Na jaw wypłynęły kolejne doniesienia, które wskazują, że kard. Adam Sapieha był gejem. Informacje, na podstawie teczek współpracownika UB ks. Anatola Boczka, wyciągnął Ekke Overbeek. Jego książka "Maxima Culpa. Jan Paweł II wiedział", która zawiera między innymi informacje o homoseksualnych preferencjach Sapiehy, za kilka dni wejdzie do sprzedaży.
Reklama.
Reklama.
Overbeek jest drugim autorem, który podjął temat homoseksualizmu kard. Adama Sapiehy
Dotarł on do akt, które są na razie najstarszymi dowodami na temat preferencji, ale też do szczegółowych opisów upodobań seksualnych duchownego
O sprawie pisał także Marcin Gutowski w swojej książce "Bielmo"
Jak wskazuje Onet, informacje dotyczące Sapiehy, które Ekke Overbeek zawarł w książce, są oparte na tym, co tajny współpracownik Urzędu Bezpieczeństwa ks. Anatol Boczek przekazał instytucji. Teczka dostępna jest w Instytucie Pamięci Narodowej.
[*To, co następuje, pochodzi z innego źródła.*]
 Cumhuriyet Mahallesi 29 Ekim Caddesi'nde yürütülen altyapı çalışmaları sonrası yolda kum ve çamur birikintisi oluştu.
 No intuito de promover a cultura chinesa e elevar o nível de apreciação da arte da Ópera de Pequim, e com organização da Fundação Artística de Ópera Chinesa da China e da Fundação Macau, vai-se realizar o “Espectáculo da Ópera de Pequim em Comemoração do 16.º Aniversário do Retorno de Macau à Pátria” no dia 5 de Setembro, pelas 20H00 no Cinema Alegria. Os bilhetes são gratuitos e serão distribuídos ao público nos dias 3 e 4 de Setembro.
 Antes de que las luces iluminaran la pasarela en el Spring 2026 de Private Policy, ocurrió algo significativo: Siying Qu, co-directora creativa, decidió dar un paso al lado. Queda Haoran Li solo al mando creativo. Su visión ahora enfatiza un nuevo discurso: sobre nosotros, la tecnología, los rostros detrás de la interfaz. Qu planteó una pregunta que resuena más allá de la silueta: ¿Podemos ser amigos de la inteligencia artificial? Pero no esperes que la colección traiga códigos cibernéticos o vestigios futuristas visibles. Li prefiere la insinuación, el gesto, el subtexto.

Dotykał miejsc intymnych i bił skórzanym pasem
To kolejny dowód, który nie tylko rzuca światło dzienne na preferencje seksualne kard. Adama Sapiehy, ale też na konkretny model zachowań, które prezentował. O tym pisał w książce "Bielmo" również Marcin Gutowski, który oparł się na innej teczce, księdza Andrzeja Mistata. Ta zawierała informacje dotyczące relacji Sapiehy z kapelanem. Boczek pisał natomiast o kontaktach z klerykami.
Jak wynika z opisów, kard. Sapieha w kontakcie z klerykami miał kazać rozbierać im się do naga, dotykać ich miejsc intymnych oraz bić skórzanym pasem. Za to wszystko przysługiwała zapłata finansowa lub w formie przywilejów. Podobnie miało być w relacji opisywanej w drugiej z teczek: "chodzi o wątek dotykania miejsc intymnych pod pretekstem oględzin lekarskich" – podaje Onet.
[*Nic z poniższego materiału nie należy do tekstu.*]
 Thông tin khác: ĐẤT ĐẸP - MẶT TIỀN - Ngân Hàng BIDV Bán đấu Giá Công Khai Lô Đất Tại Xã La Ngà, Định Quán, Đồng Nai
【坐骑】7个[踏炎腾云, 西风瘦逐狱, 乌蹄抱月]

Onet dotarł do księży, którzy skomentowali informacje zawarte w nowej publikacji. W gronie tym nie było jednak zaskoczenia. "O tym wszyscy wiedzieli" – usłyszał dziennikarz od jednego z kapłanów, który dodał jednak, że "kardynał Sapieha raczej nie był pedofilem, jak sugerują media". Wskazuje on wyłącznie na jego homoseksualizm i preferencje do młodych księży i kleryków.
"Nie wykorzystywał seksualnie dzieci, ale miał upodobanie w klerykach i młodych księżach" – czytamy w Onecie. Redakcja cytuje także duchownego, który mówi, że "wiedza na temat seksualnych upodobań Sapiehy była na tyle powszechna, że wszyscy przyjmowaliśmy ją za oczywistość" – komentuje duchowny.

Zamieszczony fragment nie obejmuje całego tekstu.